The judgment, delivered by Justice Neena Bansal Krishna on May 29, 2026, represents a comprehensive rejection of the allegations that formed the basis of nearly six years of investigation into the news portal’s foreign investment transactions. The Court not only found that the allegations failed to disclose the commission of any cognisable offence but went considerably further, characterising the proceedings as mala fide, arbitrary and an abuse of investigative powers directed against independent journalism.

The Court observed:

Not only are the present proceedings only mala fide, but also an arbitrary attack and abuse of powers on the free and impartial journalism of the Petitioners.” (Para 121)

The finding is remarkable both for its breadth and for the language employed by the Court. While courts frequently examine the legality of investigations, it is comparatively rare for a constitutional court to explicitly connect the exercise of investigative powers with concerns regarding press freedom and the functioning of independent media.

The Background: Foreign investment, criminal allegations and ED action

The case arose out of an investment received by PPK Newsclick Studio Pvt. Ltd., the company operating NewsClick, from US-based Worldwide Media Holdings LLC.
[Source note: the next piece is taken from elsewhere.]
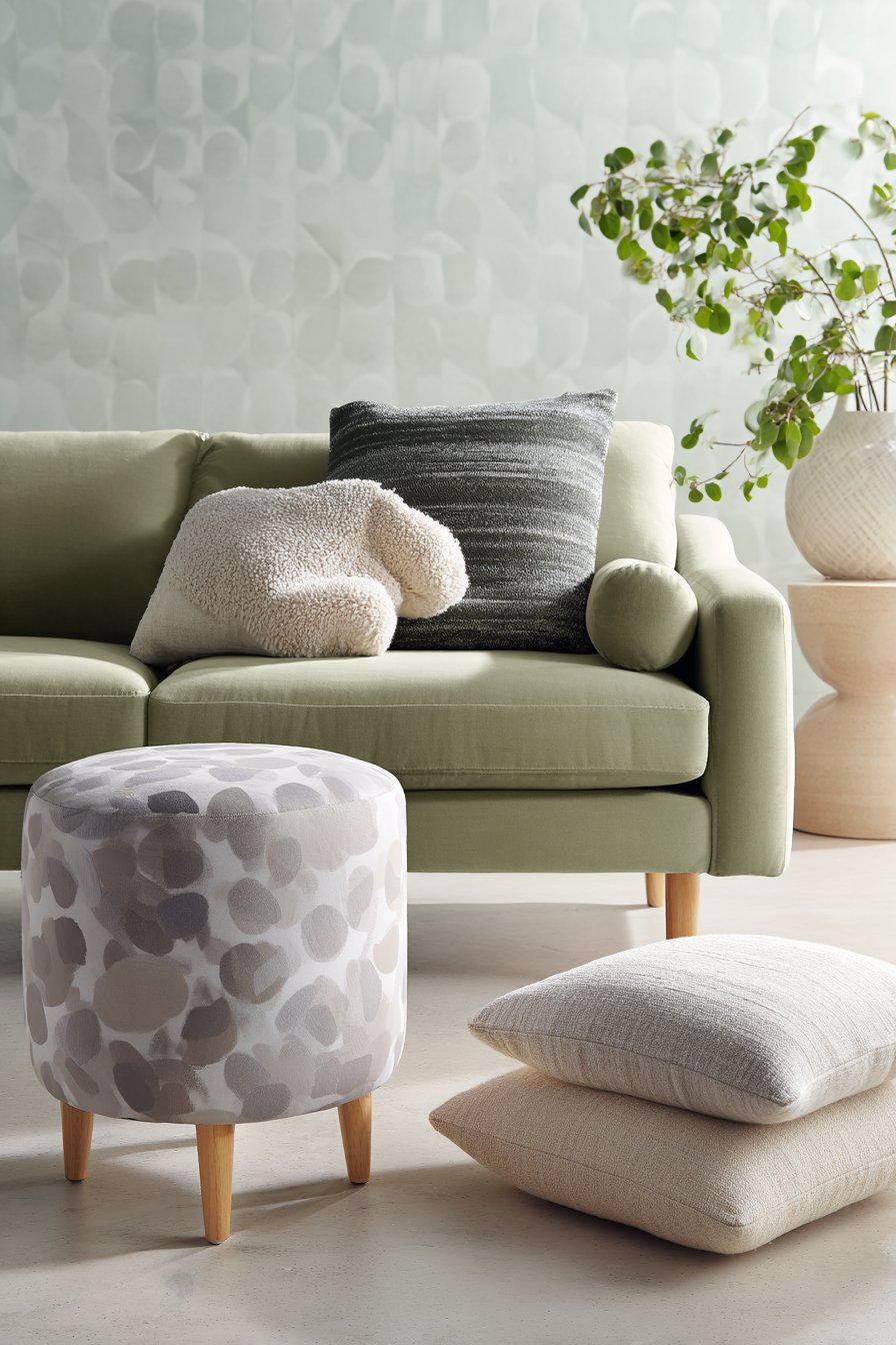 A nesting ottoman set in complementary grey fabric offers incredible versatility—use them together as a coffee table, separate them for additional seating when guests arrive, or tuck the smaller pieces away when you need to maximize floor space for activities like yoga or play. This flexibility is crucial in apartment living where your needs change throughout the day and week. The peel-and-stick removable wallpaper featuring a subtle geometric pattern transforms one wall into an accent feature without the permanent commitment or damage concerns that typically plague renters.

According to the allegations, NewsClick received approximately USD 1.5 million, amounting to around ₹9.59 crore, in April 2018 through a share subscription arrangement. The EOW alleged that the shares had been deliberately overvalued in order to circumvent restrictions governing foreign direct investment in news media entities. It was further alleged that the funds received through the investment were siphoned away through salaries, consultancy fees, rent and other operational expenditures.
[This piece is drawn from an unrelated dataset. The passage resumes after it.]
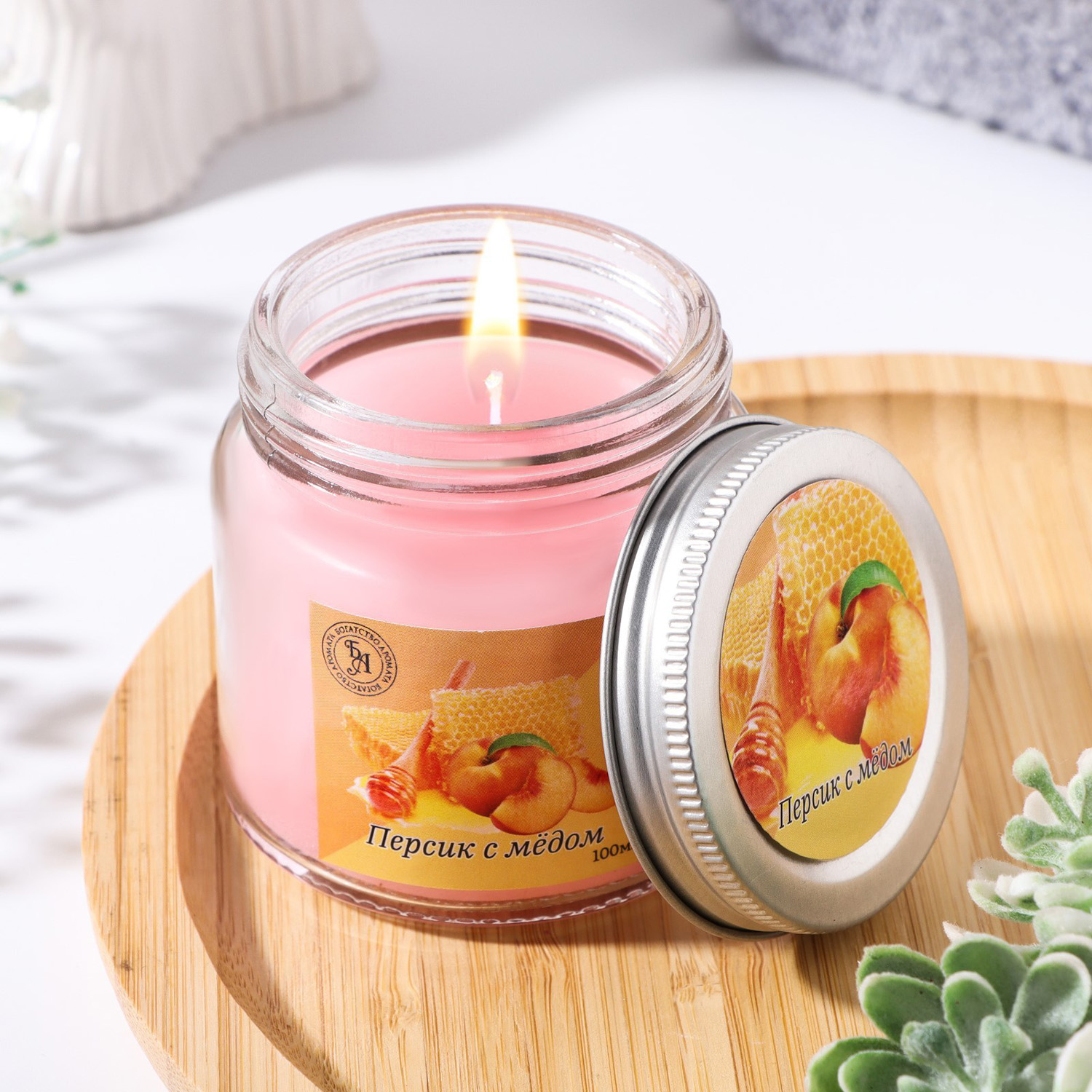 Свеча ароматическая в стекле 6,3см, 100мл, персик с мёдом 9338117

Based on these allegations, an FIR was registered in August 2020 under Sections 406, 420 and 120B of the Indian Penal Code. Shortly thereafter, the Enforcement Directorate registered an Enforcement Case Information Report (ECIR) under the Prevention of Money Laundering Act (PMLA), treating the offences alleged in the FIR as scheduled offences capable of triggering a money laundering investigation.

The ED subsequently conducted extensive searches and seizures, raided NewsClick’s offices and the residences of journalists associated with the platform, and repeatedly summoned Purkayastha and other employees for questioning.

However, after examining the factual and legal basis of the allegations, the High Court concluded that the prosecution’s case suffered from fundamental defects at every stage.

No FDI restriction existed in 2018

The central allegation underlying the prosecution’s case was that NewsClick had received foreign investment in violation of restrictions applicable to news media organisations.

The Court found that this allegation was fundamentally misconceived. The judgment records that before receiving the investment, NewsClick had sought clarification from the Ministry of Information and Broadcasting regarding the applicability of foreign investment restrictions to online news platforms. In response, the Ministry clarified on January 5, 2018 that online publication through websites and web portals did not fall within the ambit of print media.

Relying on this clarification, the Court observed that there was no cap on foreign investment in digital news platforms at the time the investment was received.

The Court held:

” From the response received from the Ministry in respect of FDI Policy, it was clearly evident that there was no cap on the online publication of news and thus, the Agreement between the Petitioner and M/s Worldwide Media Holdings LLC and, therefore, the Investment Agreement dated 20.03.2018 cannot be said to be in violation of any law or disclosing any criminal offence. The receiving of 1.5Million USD that were remitted on 11.04.2018 in exchange of 7.69% shares of the Petitioner Company.” (Para 70)

Consequently, the Investment Agreement dated March 20, 2018 and the remittance received on April 11, 2018 could not be said to violate any law or disclose any criminal offence. This finding strikes at the heart of the prosecution’s case. The allegation that NewsClick structured the investment to evade foreign investment restrictions necessarily depended on the existence of such restrictions. Once the Court concluded that no cap existed at the relevant time, the principal basis of the investigation effectively collapsed.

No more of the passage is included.